[WORK TO COMPLETE] The full listing, copied exactly and free of pictures, is the expected reply.

··· DATASET CONTENT

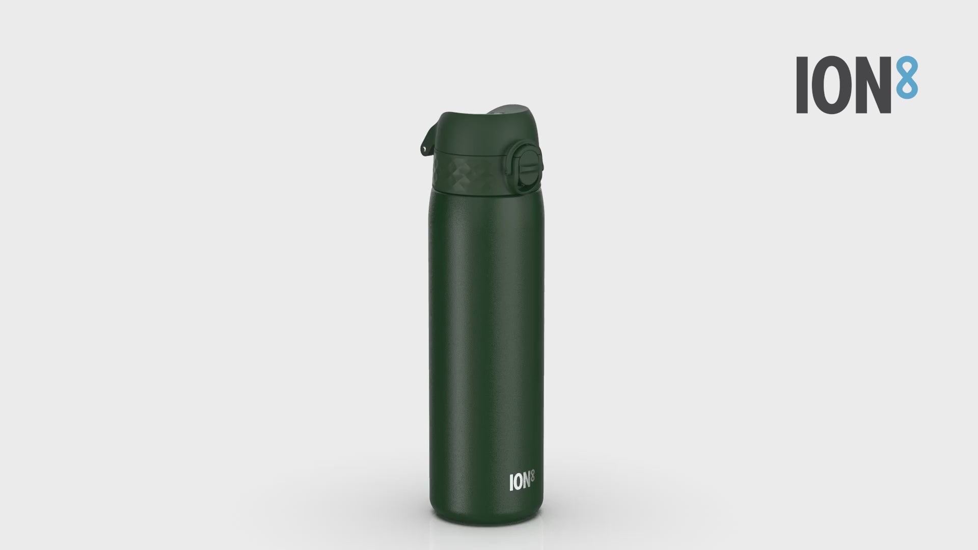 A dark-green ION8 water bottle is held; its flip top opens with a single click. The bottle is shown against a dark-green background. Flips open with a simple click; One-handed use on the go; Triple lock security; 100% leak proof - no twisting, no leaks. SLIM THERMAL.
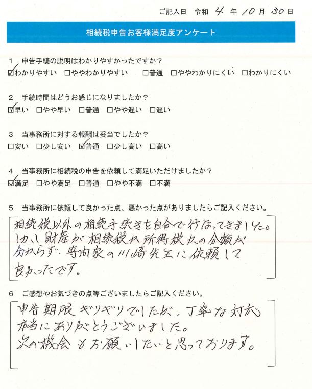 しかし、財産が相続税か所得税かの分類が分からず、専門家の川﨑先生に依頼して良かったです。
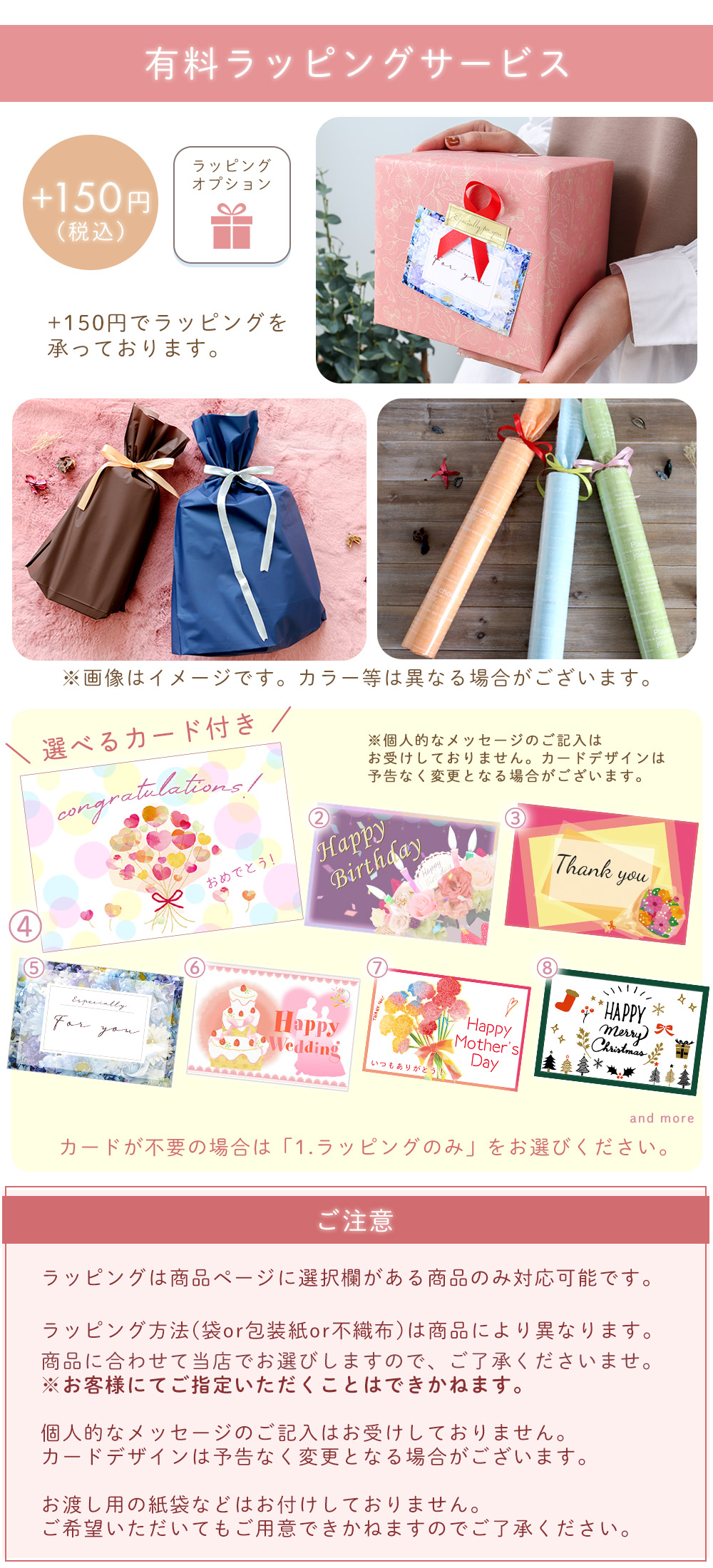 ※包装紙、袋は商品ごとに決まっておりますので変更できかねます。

······

[RESPONSE AREA]
 A dark-green ION8 water bottle is held; its flip top opens with a single click. The bottle is shown against a dark-green background. Flips open with a simple click; One-handed use on the go; Triple lock security; 100% leak proof - no twisting, no leaks. SLIM THERMAL.
 しかし、財産が相続税か所得税かの分類が分からず、専門家の川﨑先生に依頼して良かったです。
 ※包装紙、袋は商品ごとに決まっておりますので変更できかねます。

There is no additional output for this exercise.